The Marbury Lens is really young adult horror at its finest, in that, it’s actually terrifying. There is something seriously scary going on. It’s not just the horrific world of Marbury that Smith creates, but it’s also protagonist Jack’s desire to continue to travel there, to leave the real world behind where things are grey and lifeless and maybe a little bit boring and throw himself headfirst into the violence and war of the fantasy world of Marbury. And then there’s Jack’s own experience of horror in the real world, something all too real and vivid, that drives him towards an otherworldly violence that seems safer and more controlled. Smith’s focus on violence and horror lends a maturity to the novel, but he gives credit to his reader by supplementing mature content with a maturity of style. His short, terse sentences create a physicality that underlines the physical violence depicted in the novel.

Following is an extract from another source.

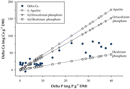 Additionally, higher contents of P were measured in layers with higher Ca content, which was especially evident for the bottom fractions of CAL, CAT, CAT A, CAT C, and HYG (Figure 3 and Figure 4). To assess this overlap, the relation between the delta P content and the delta Ca content were plotted (Figure 5). The figure only shows the distribution for the bottom and the lower-mid fractions, as these are the layers of interest with both Ca and P accumulation. Furthermore, to elucidate to which of the calcium-phosphate precipitates this could have occurred, three calculated scenarios were included: (i) Apatite (Ca5(PO4)3OH), (ii) Octacalcium phosphate (Ca4H(PO4)3), and (iii) Dicalcium phosphate (CaHPO4). In the scenarios, the proportion between the Ca to P molecular mass were calculated, giving (i) 4.4, (ii) 3.8, and (iii) 1.1, which was multiplied with the delta P content in the fractions to give the calculated delta Ca content. The distribution of the data in this study shows that some of the points with low delta P content and delta Ca content are located both above and below the scenario lines, but that most of the of points are located in-between the proposed scenario (ii) and (iii), with some points located closer to the one or the other scenario. This distribution suggests that a mixture of both calcium precipitates explains the coupled increases in the delta P and the delta Ca content.

The really great thing about young adult horror is that the teens who are reading it can totally just stay up late at home and be scared shitless and still be like, “Yeah, well, I guess my Mom’s downstairs in the living room or whatever so it’s not like I’m alone and so even though this was pretty terrifying, there’s still a whole lot of normal reality going on around me.” They don’t have to head to a Starbucks to find some company and be like, “Oh my god! Noisy, busy place with a bunch of people all around! Makes me feel like this isn’t real!” Smith really writes something awesomely scary. More than that, he writes it well. And if you want some horror, some unbelievably good writing, a fantasy world, and a pair of glasses, The Marbury Lens is going to deliver all of that in a pretty gory, exciting, and violent package. And I guess also if you were standing around thinking, “Oh, you know that lovely Margaret Buffie book that I read when I was twelve or something? I’m thinking I could really go for something like that. I really dug that thing about the glasses,” then this might totally do it for you.